- [Problem] A faithful copy is required: transcribe each line below exactly, minus the pictures.

- [Data shown]
- - - - -

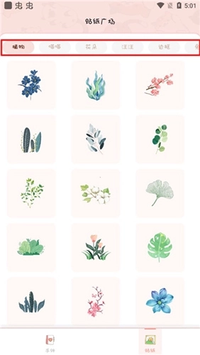 5、这里是贴纸广场,平台把贴纸都做了详细分类,大家快来挑选喜欢的贴纸来做手账吧。
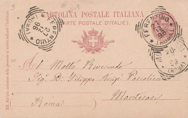 Monterosi (RM) del 28.12.1896 e' un primo ritrovamento di un annullo riportato dal Gaggero, ma non ancora visto. Luigi Teti, nell'inviare un aggiornamento di data non si era accorto che in arrivo e parzialmente incompleto vi era il comune di Monterosi che gia' nel 1901 era diventato comune autonomo con 788 abitanti. Passo' nel 1927 sotto la provincia di Viterbo ed oggi conta oltre 4500 abitanti, il forte sviluppo demografico avvenuto nell'ultimo decennio e' da attribuirsi sia per la vicinanza con il lago di Bracciano ed all'autodromo di Vallelunga, ma soprattutto alle iniziative del comune che ne hanno incentivato un forte sviluppo turistico.
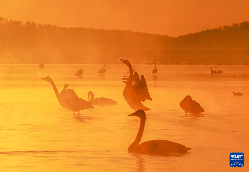 冬日清晨,山東榮成大天鵝國家級自然保護(hù)區(qū)晨霧裊裊,大天鵝在晨曦中游弋覓食、起舞飛翔,吸引眾多游客前來觀賞拍照。新華社發(fā)(李信君攝)
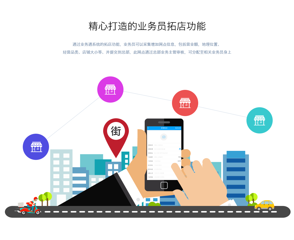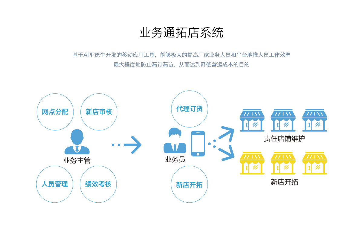 对于一个新的市场来说,开发新网点是非常重要的前期工作,通过业务通系统的拓店功能,业务员可以采集增加网点信息,包括营业额/地理位置/经营品类/店铺大小等、并提交到总部,此网点通过总部业务主管审核,可分配至相关业务员身上。

- - - - -

- [Reply to the exercise]
 5、这里是贴纸广场,平台把贴纸都做了详细分类,大家快来挑选喜欢的贴纸来做手账吧。
 Monterosi (RM) del 28.12.1896 e' un primo ritrovamento di un annullo riportato dal Gaggero, ma non ancora visto. Luigi Teti, nell'inviare un aggiornamento di data non si era accorto che in arrivo e parzialmente incompleto vi era il comune di Monterosi che gia' nel 1901 era diventato comune autonomo con 788 abitanti. Passo' nel 1927 sotto la provincia di Viterbo ed oggi conta oltre 4500 abitanti, il forte sviluppo demografico avvenuto nell'ultimo decennio e' da attribuirsi sia per la vicinanza con il lago di Bracciano ed all'autodromo di Vallelunga, ma soprattutto alle iniziative del comune che ne hanno incentivato un forte sviluppo turistico.
 冬日清晨,山東榮成大天鵝國家級自然保護(hù)區(qū)晨霧裊裊,大天鵝在晨曦中游弋覓食、起舞飛翔,吸引眾多游客前來觀賞拍照。新華社發(fā)(李信君攝)
 对于一个新的市场来说,开发新网点是非常重要的前期工作,通过业务通系统的拓店功能,业务员可以采集增加网点信息,包括营业额/地理位置/经营品类/店铺大小等、并提交到总部,此网点通过总部业务主管审核,可分配至相关业务员身上。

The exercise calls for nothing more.